On 20 February 1916, Alberry was posted to the Machine Gun School at Ismailia, where he was promoted to corporal on the 26th. He gained a distinguished pass with the Lewis Gun at the Machine Gun School, and on 15 March was promoted to sergeant in the Lewis Gun Section. On 26 March, his battalion was sent to join the British Expeditionary Force on the Western Front in France, disembarking at Marseille on 31 March. On 25 July, he was commanding a section of four Lewis guns in the Battle of Pozières. When the 8th Battalion's Company C was held up in its attack by the Germans, Alberry led his gunners in a flanking movement that dislodged the defenders. Following that, he took a Lewis gun forward into a shell crater to provide covering fire while the battalion dug in. The next night, Sergeant Alberry again flanked the Germans with a machine gun while his battalion set up a strongpoint.

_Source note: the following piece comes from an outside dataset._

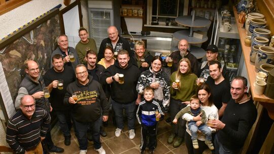 „Zum Wohl!“. Während eines Helferfestes in der Heimatstuben dankte Singhofens Ortsbürgermeister Detlef Paul (links) den vielen Freiwilligen, die unter Anleitung von Marvin Schmidt (rechts) den Marktplatz in der Dorfmitte in hunderten ehrenamtlichen Stunden saniert haben. Bernd-Christoph Matern

Alberry then took over the stronghold and held it under fire for two days. He was being relieved from this post on 27 July when a bullet hit his right kneecap. His gallantry in action earned him the Distinguished Conduct Medal, which was gazetted on 20 October 1916.

On 7 August 1916, Albery was evacuated to England aboard the hospital ship Asturias from Le Havre, and admitted to the 1st Southern General Hospital in Stirchley, Birmingham where his right leg was amputated above the knee. He remained in hospital until 26 March 1917, when he was discharged.

===Flying service===
When healed, Alberry still wished to serve, so he resorted to the unusual step of gaining a personal audience with King George V to request a transfer to the Australian Flying Corps. The king assented, and on 3 August 1917 Alberry began pilot training at the No. 1 School of Aeronautics in Reading. He was posted to No. 29 (Training) Squadron RFC at RAF Shawbury as a cadet on 13 September. Having successfully completed training despite his lack of a leg, he was appointed a flying officer on 6 November, with a commission as a second lieutenant in the AIF.

He returned to France on 4 April 1918, and was posted to No. 2 Aeroplane Supply Depot. On 16 June, he was posted to No. 2 Squadron AFC to fly the S.E.5a single-seat fighter. On 14 August he was again wounded in action, spending four days at No. 18 Casualty Clearing Station suffering from a concussion. Alberry returned to his squadron, where between 16 September and 4 November he accounted for seven German first-line fighters – two Fokker Dr.Is and five Fokker D.VIIs.

===List of aerial victories===

Combat record
| No. | Date/Time | Aircraft/ Serial No. | Opponent | Result | Location |
| 1 | 16 September 1918 @ 0730 | S.E.5a (D6995) | Fokker D.VII | Destroyed | North-west of Lille |
| 2 | 17 September 1918 @ 1020 | S.E.5a (D6995) | Fokker Dr.I | Out of control | Lille |
| 3 | Fokker Dr.I | Out of control |
| 4 | 18 October 1918 @ 1230 | S.E.5a (D6995) | Fokker D.VII | Out of control | North of Tournai |
| 5 | 28 October 1918 @ 1120 | S.E.5a (D6995) | Fokker D.VII | Out of control | Bandour |
| 6 | Fokker D.VII | Destroyed |
| 7 | 4 November 1918 @ 1310 | S.E.5a (D6995) | Fokker D.VII | Out of control | Houtaing |

==Post-war career==
Alberry returned to Australia, leaving England on 20 November 1918. Once home, he was discharged at Melbourne on 6 March 1919. However he remained a member of the Reserve of Officers, gaining promotion to lieutenant on 1 October 1920, and eventually transferring to the retired list on 1 October 1925. He subsequently involved himself in the lumber business.

In September 1939, on the outbreak of the Second World War, Alberry applied to join the Royal Australian Air Force Reserve, and served as a recruiting officer from 11 October 1939 to 30 June 1942.

Alberry died at the Concord Repatriation General Hospital in Sydney on 23 January 1968.